Citizens Send Big Line 5 Message to Michigan Elected Officials

American Indians protest Enbridge Line 5 on Labor Weekend at Straits of Mackinac. Native News Online photo by Levi Rickert

Published September 5, 2019

TRAVERSE CITY, Mich. — As state lawmakers return to Lansing after a Labor Day break, they will have heard from thousands of constituents united in opposing Enbridge’s proposed oil pipeline tunnel in the Great Lakes and demanding quick action to decommission dangerous Line 5.

While the Canadian multinational oil transport giant Enbridge and an oil industry front group pump millions of dollars into Lansing corporate lobby firms, media ads, public radio, and other sponsorships, spreading gifts around to northern Michigan and other communities, Michigan citizens have mobilized in unprecedented numbers to counter the dirty oil money attack on the Great Lakes. The organizing campaign is a partnership that includes the Michigan Climate Action Network, Clean Water Action, Sierra Club and the Oil & Water Don’t Mix campaign.

“We’re bringing the power of people together to protect the Great Lakes and our climate,” said Kate Madigan, Michigan Climate Action Network Director.  “Michigan citizens are demanding that Michigan elected officials put people before dirty oil money. That means no oil tunnel and no oil pipelines in the Great Lakes.”

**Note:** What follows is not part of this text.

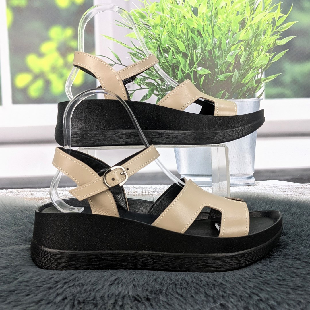 Босоніжки жіночі шкіряні на платформі середньої висоти

By today more than 16,000 Michigan voters will have directly contacted their state lawmakers since late June.  That’s in addition to more than 29,000 citizens who endorsed a petition opposing Enbridge’s oil tunnel and taken other online actions demanding the decommissioning of Line 5, including 1,981 who have volunteered with the Oil & Water Don’t Mix campaign.

Every state lawmaker and Gov. Whitmer has heard from Michigan voters over the past two months, said Sean McBrearty, Michigan Legislative and Policy Director for Clean Water Action.

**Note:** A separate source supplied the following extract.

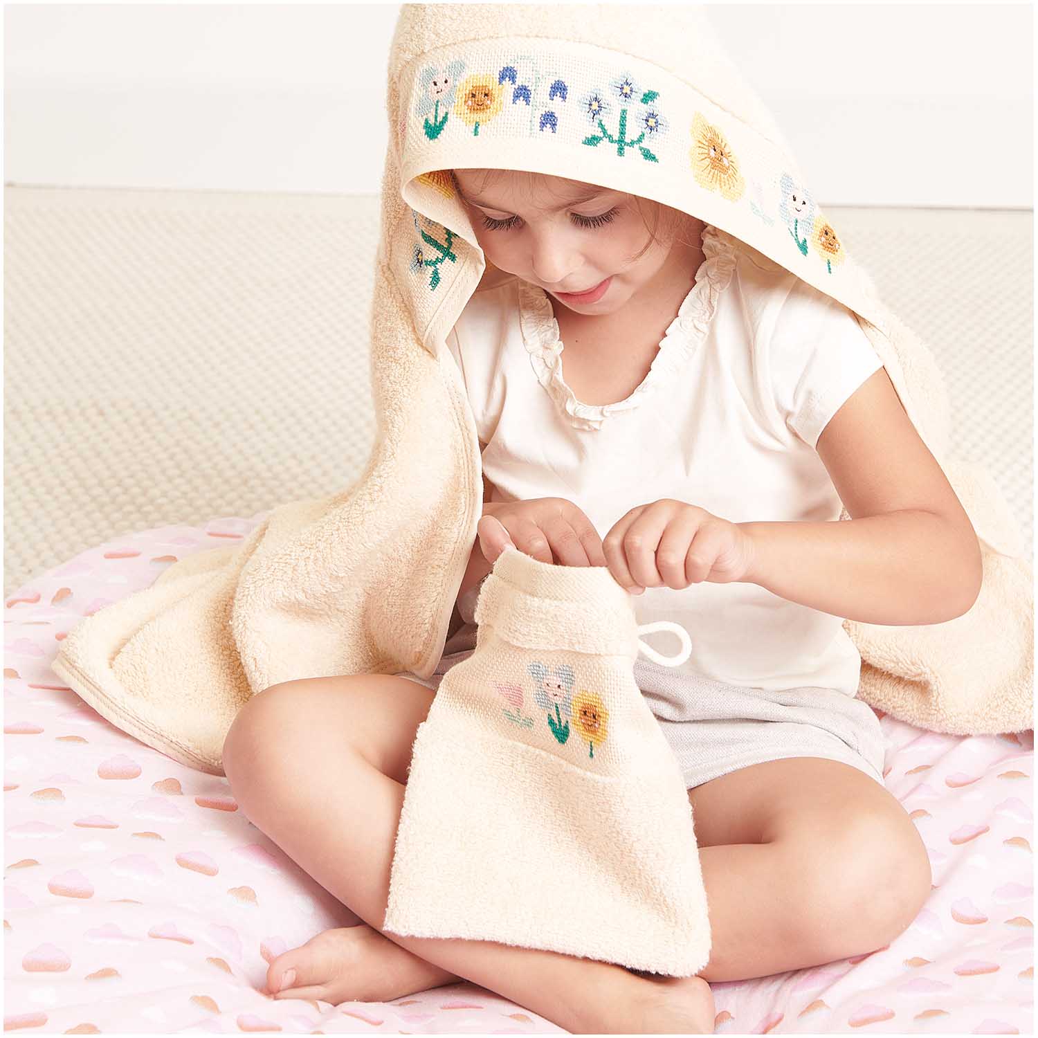 Krásná a příjemná žínka na mytí. Ve spodní části se nachází prostor pro vlastní výšivku.

“Voters told us their priorities when a governor, attorney general and a majority of state House members took office this year after campaigning strongly around protecting Michigan’s waters,” said McBrearty.  “This is just a reminder that you can’t promise to protect the Great Lakes and support risky oil pipelines we don’t need that threaten the Great Lakes and 400 other Michigan waterways.”

Enbridge is pumping profits from Line 5 oil into virtually every Michigan news media outlet and has hired multiple Lansing lobby firms in an effort to convince Michiganders to embrace its dangerous oil pipelines.

“Why is Enbridge spending millions to convince Michiganders their Line 5 pipeline is safe and vital to Michigan and they care about protecting the Great Lakes?  Because it’s not true,” said David Holtz, spokesperson for Oil & Water Don’t Mix.  “Enbridge has lied about the condition of its dangerous Line 5 pipeline and just over a year ago paid a $1.8 million fine for failing to thoroughly inspect its pipelines for weaknesses.  But you won’t see that in Enbridge’s paid ads, the talking points they write or the message they tell lawmakers.

“Our job is to help regular citizens pierce Enbridge’s lies and let their elected officials know directly that they demand the put protecting Michigan and the Great Lakes over Big Oil money.”